Он ходит туда, чтобы побыть одному…
Я не видела его со вчерашнего вечера.
— Ну, девицы? — весело восклицает Максим Борисович, указывая рукой на меню. — Кто мне это переведет?
— Ты чего, дедуль? — отстраненно бормочет Анька. — Читать разучился?
— Анюта, — цокает мама. — Я тоже немного торможу. Так сейчас говорят?
— Мам, не прикидывайся старой, — пеняю я, пряча улыбку. — Сейчас говорят «туплю».
— В мое время это называлось «сужать горизонты», — просвещает наш кавалер.
— А в мое — быть «заторможенным», — присоединяется к нему мама, и мы с Анькой начинаем театрально закатывать глаза.
— А как в твое время называли занудство? — хихикает подруга, снова становясь самой собой.
Все же, соприкосновение с Дубцовым накладывает сильные отпечатки на ее психику. У неё сужаются горизонты и она становится заторможенной…
Теряю эту мысль, когда вслед за администратором в зал ресторана заходит… Игорь Николаевич Барков.
В компании очень гламурной женщины, с виду его ровесницы. В дорогущем дизайнерском платье, с дизайнерскими браслетами на запястьях и в сапогах на десятисантиметровых шпильках…
На нем костюм и галстук. Я не видела его сегодня, потому что он уехал очень рано.
Выдвинув для неё стул, ждёт, пока женщина усядется.
На его губах играет легкая улыбка, как и на губах его спутницы. Она расслабленная и какая-то томная. Она — не его родственница, это просто очевидно!
Боже…
Мое сердце останавливается, а потом делает полный оборот вокруг своей оси, а когда в панике смотрю на маму, оно холодеет, как и все мое нутро.
— Мам, — бормочу взволнованно, наблюдая за тем, как расширяются ее голубые глаза.
За нашим столом наступает гробовая тишина, а ещё через мгновение или целую вечность глаза моей любимой мамы увлажняются, и губы начинают подрагивать.
— Мамочка… — зову я в отчаянии, потому что она продолжает смотреть.

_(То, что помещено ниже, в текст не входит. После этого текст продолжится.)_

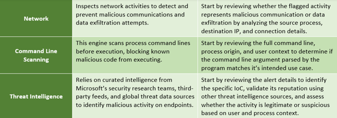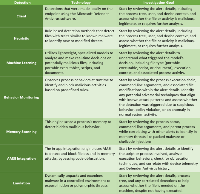 As it pertains to alerts and incidents for devices, the detection technologies are derived from Microsoft Defender Antivirus or Microsoft Defender Advanced Threat Protection.
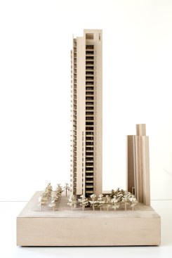 The design of the tower is founded upon principles of geometric clarity and openness that are reflected in its horizontal and vertical organization. The building consists of two complementary volumes, a transparent south volume and a solid north volume. The relationship between these two main elements is emphasized through a subtle shift in both plan and elevation that creates a dynamism and variation in scale that responds to the immediate urban environment. Fundamentally, the solid north volume contains the services and core of the residential units that flow towards the transparent south volume which is a natural light-filled space where living, social and the more public programs are located. A carefully crafted geometric organization allows viewing corridors towards the mountains in the far distance.

Упрямо. Не моргая. Смотреть на то, как ее муж смеётся, прекрасно проводя чертов воскресный вечер в компании какой-то расфуфыренной бабы, в то время как мама проводит вечера за книгой или за вечным ожиданием, когда он, наконец-то, вернётся домой!
А когда по ее побледневшей щеке скатывается слеза, я вскакиваю, с громким скрипом проехавшись стулом по полу.
Улыбка на мужественном лице бизнесмена Баркова немного блекнет, когда он видит меня, и в следующую секунд его глаза, метнувшись в сторону, падают на маму.
Вся его проклятая веселость вмиг улетучивается! Взгляд становится напряженным и пристальным. Впивается в неё, будто клещами!
— Извините, — хрипло произносит мама, медленно поднимаясь из-за стола, а потом так же медленно она уходит, опустив лицо и прикрывая рукой свой живот.
Мгновение смотрю ей вслед, испытывая болезненное давление в груди и, опомнившись, бросаюсь за ней. Замерев на выходе, вижу ее у гардероба, и лезу в сумку, ища свой собственный номерок.